Tuesday, July 3, 2007

Scooting

Let's not go nuts over Bush's commuting of Scooter Libby's prison sentence. The president did the right thing as always, and he did it because he is, after all, a student of history—a man with a keen grasp of how the past affects the present, with an acute awareness that if we don't study history, we're doomed...blah, blah, blah.

And Bush knows (because he is so very incisive) how poorly previous Scooters have fared in prison. If it were only one, we could overlook it; but the history of felons named Scooter—convicted felons, that is—languishing and having a just-not-fun time behind bars is too obvious to ignore.

In the thirties there was Al "Scooter" Capone, criminal extraordinaire. One would have thought that if anyone was cut out for the prison life, it was a tough hombre like him—bootlegger, murderer, crime boss. And yet in prison he spent most of his time ducking attempts on his life, including a very famous incident in which someone tried spiking his coffee with lye. Even in a federal penitentiary—in the thirties!—there were demented baristas scrounging for tips—they're not just at Starbucks. Scooter Capone—tough on the outside; kind of a misfit behind those walls.

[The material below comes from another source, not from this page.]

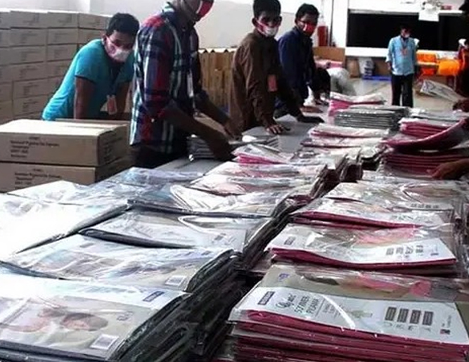 Finished garments are packed as per buyer specifications (single/multi-packs, ratio sets, barcoding) and sent to the dispatch unit.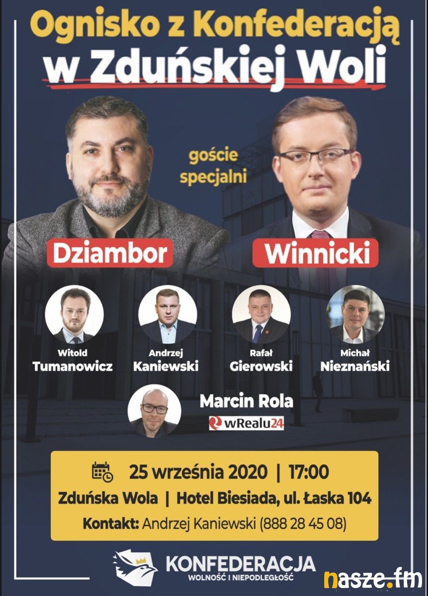 Klub Konfederacji Zduńska Wola zaprasza sympatyków na ognisko, które w najbliższy piątek, 25 września, odbędzie się w Biesiadzie przy ul. Łaskiej 104 w Zduńskiej Woli. Na wydarzeniu pojawią się czołowi działacze Konfederacji m.in. Artur Dziambor, Robert Winnicki czy Dobromir Sośnierz.

In the nineties we had Jeffrey "Scooter" Dahmer, a different case entirely. We've all heard of unwanted guests eating people out of house and home. Dahmer simplified the task to simply eating people. And yet in prison, among murderers and rapists and child molesters, Dahmer had trouble "connecting." Even the hardest core convicts—the ones who saw little wrong with chopping up people and saving their remains in Ziploc bags—even they balked at the idea of actually eating those remains. One day one of his disconnected peers, taking the moral high road, inflicted some lethal head trauma on Scooter , thus denying him the good fortune of Scooter Capone: a parole and a lingering death from syphilis.

Actually Scooter Libby isn't not even the first Scooter of the century. That honor belongs to Paris "Scooter" Hilton. Love her or hate her (or simply download her sex tapes) everyone has to admit that jail and Scooter Hilton do not mix, and for a judge to incarcerate a claustrophobe like her was unconscionable. Only through her tremendous strength of character—her ability to envision herself somewhere else—was she able to survive with her sanity intact. Of course, unlike Ms. Hilton I wouldn't have envisioned myself in a coal mine, but it seemed to worked for her.

The point is this: the nickname Scooter doesn't work well in prison; and instead of continuing to make the same error over and over, let's follow the lead of our president and start dismissing cases against all Scooters.

Two caveats: The nickname cannot be grandfathered. That ploy did not work for Scooter Kevorkian and, along the same lines, I wouldn't expect to see Michael "Scooter" Peterson out looking for a new wife any time soon.

And finally, don't worry: there aren't any Scooters at Gitmo. I checked.